Magnetic particle imaging (MPI) generates signal from the non-linear magnetic response of superparamagnetic iron oxide (SPIO) nanoparticles. This study compared the performance of ten commercially available iron oxide tracers across a range of magnetic core sizes, hydrodynamic diameters, and surface coatings. Tracer performance was evaluated using magnetic particle relaxometry (MPR) peak signal intensity and two image-based 2D MPI metrics: total signal and maximum signal intensity per microgram of iron. The authors report that Synomag-D tracers yielded the highest MPR peak signal and highest maximum MPI signal per µg iron, while ProMag, a micron-sized iron oxide particle (MPIO), produced the highest total MPI signal per µg iron despite a low MPR peak signal.

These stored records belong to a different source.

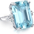This color of aquamarine would be considered AAA quality, the rarest and most valuable. The second best color is a medium rich aqua, or AA quality. Any blue aquamarine that have a slight gray undertone fit into the A category. Finally, aquamarine that have a very dark and opaque aqua color are considered B quality grade.The prongs style is very traditional and nice. They hold the stone very firmly. Heavy, strong and high quality for lifetime wearing, with a luxurious feel.
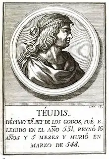 Theudis[lower-alpha 1] (Spanish: Teudis, Portuguese: Têudis), (c. 480 – June 548) was king of the Visigoths in Hispania from 531 to 548.
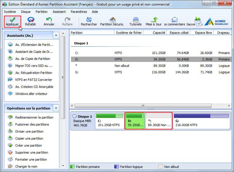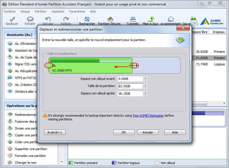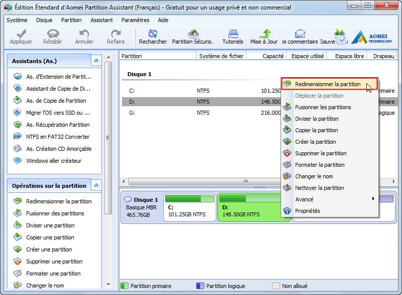 Pour réduire une partition avec AOMEI Partition Assistant :
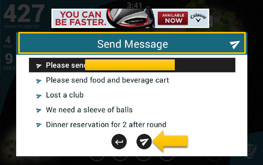 After power up, the GPS unit will display a message with information about the golf facility it operates on.
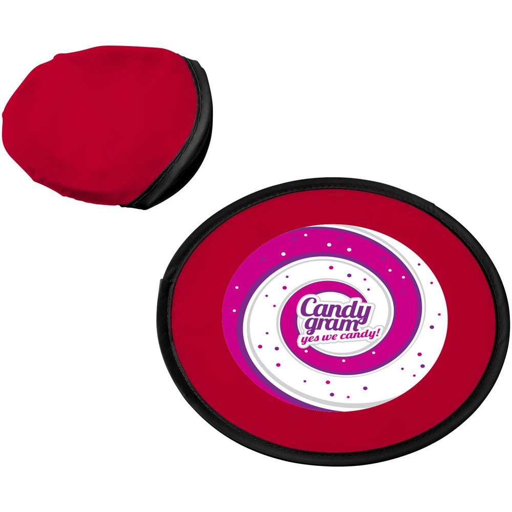 Zusammenfaltbare Wurfscheibe mit passendem 9 x 8 cm großem Aufbewahrungsbeutel. EN71 konform.

Ten commercially available tracers were included to span a broad range of physicochemical characteristics: magnetic core size, hydrodynamic diameter, and surface coating. The manuscript lists these broad categories of variation but does not provide detailed composition, manufacturer catalog identifiers, or the full quantitative values for each tracer in the abstract. Those detailed tracer-level properties and experimental concentrations are not reported in the abstract and would need to be consulted in the full text for experimental replication.

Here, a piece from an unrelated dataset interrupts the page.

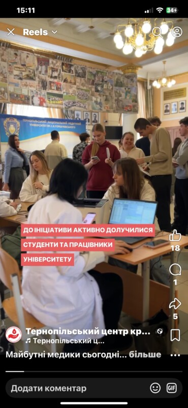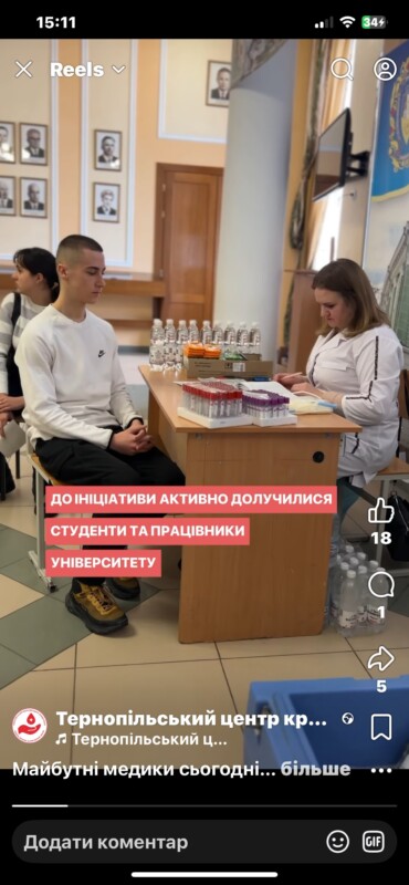 Особливо цінно, що до ініціативи активно долучилися студенти — майбутні медики, які як ніхто розуміють значення донорства. Своїм прикладом вони не лише допомагають пацієнтам, а й формують культуру відповідальності та підтримки.

Two complementary approaches were used to evaluate tracer performance. Magnetic particle relaxometry (MPR) measures the peak signal intensity from the tracer's magnetic response under relaxometry conditions. Image-based evaluation used two 2D MPI-derived metrics calculated from images: the total MPI signal (integrated signal across the image region of interest) and the maximum MPI signal intensity (single-voxel or pixel peak within the image), each normalized to micrograms of iron. The abstract does not report the specific instrument models, imaging parameters, or image processing workflows; those methodological details are not provided in the abstract and must be sought in the full manuscript.
Among the tracers tested, Synomag-D tracers achieved the highest MPR peak signal intensities and the highest maximum signal per µg iron in MPI images. In contrast, ProMag, categorized as an MPIO, showed a low MPR peak signal intensity but produced the highest total MPI signal per µg iron. These findings indicate that different tracers can rank differently depending on the metric used: relaxometry peak versus integrated image signal.

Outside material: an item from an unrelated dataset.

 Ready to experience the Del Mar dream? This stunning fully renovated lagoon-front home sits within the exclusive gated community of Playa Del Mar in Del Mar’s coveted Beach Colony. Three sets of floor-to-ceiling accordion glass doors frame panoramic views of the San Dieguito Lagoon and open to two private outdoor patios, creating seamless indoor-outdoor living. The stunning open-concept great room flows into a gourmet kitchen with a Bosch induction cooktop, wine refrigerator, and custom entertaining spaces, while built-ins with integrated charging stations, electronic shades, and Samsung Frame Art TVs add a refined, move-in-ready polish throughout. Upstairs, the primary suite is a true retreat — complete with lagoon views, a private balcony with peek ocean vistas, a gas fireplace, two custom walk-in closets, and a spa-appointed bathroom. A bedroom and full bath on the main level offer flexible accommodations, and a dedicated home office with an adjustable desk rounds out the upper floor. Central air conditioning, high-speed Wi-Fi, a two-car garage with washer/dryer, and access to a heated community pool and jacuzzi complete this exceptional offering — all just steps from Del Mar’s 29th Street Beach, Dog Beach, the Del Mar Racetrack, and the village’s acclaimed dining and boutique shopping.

The study assessed how well MPR peak signal intensity predicts image-based performance. A strong correlation was observed between MPR peak signal and MPI maximum signal intensity (R2 = 0.94), indicating that MPR peak is a good predictor of the peak image intensity across the tracers tested. By contrast, the correlation between MPR peak signal and MPI total signal intensity was weak when all tracers were included (R2 = 0.38). However, removing micron-sized iron oxide particles (MPIOs) from the analysis markedly improved this correlation (R2 = 0.91). This pattern suggests that MPIOs can produce disproportionately large total image signal relative to their MPR peak signal, and that excluding such outliers makes MPR a more reliable predictor of total image signal among SPIO tracers.
The authors interpret the data to mean that magnetic particle relaxometry generally predicts tracer performance, particularly for predicting maximum image intensity, but it does not fully reproduce the complex conditions encountered during imaging. Differences in how tracers contribute to integrated image signal—especially for micron-scale iron oxide particles—highlight that relaxometry alone may be insufficient when assessing tracer suitability for specific MPI applications. The study therefore supports a combined evaluation strategy using both MPR and image-based metrics to capture complementary aspects of tracer behavior.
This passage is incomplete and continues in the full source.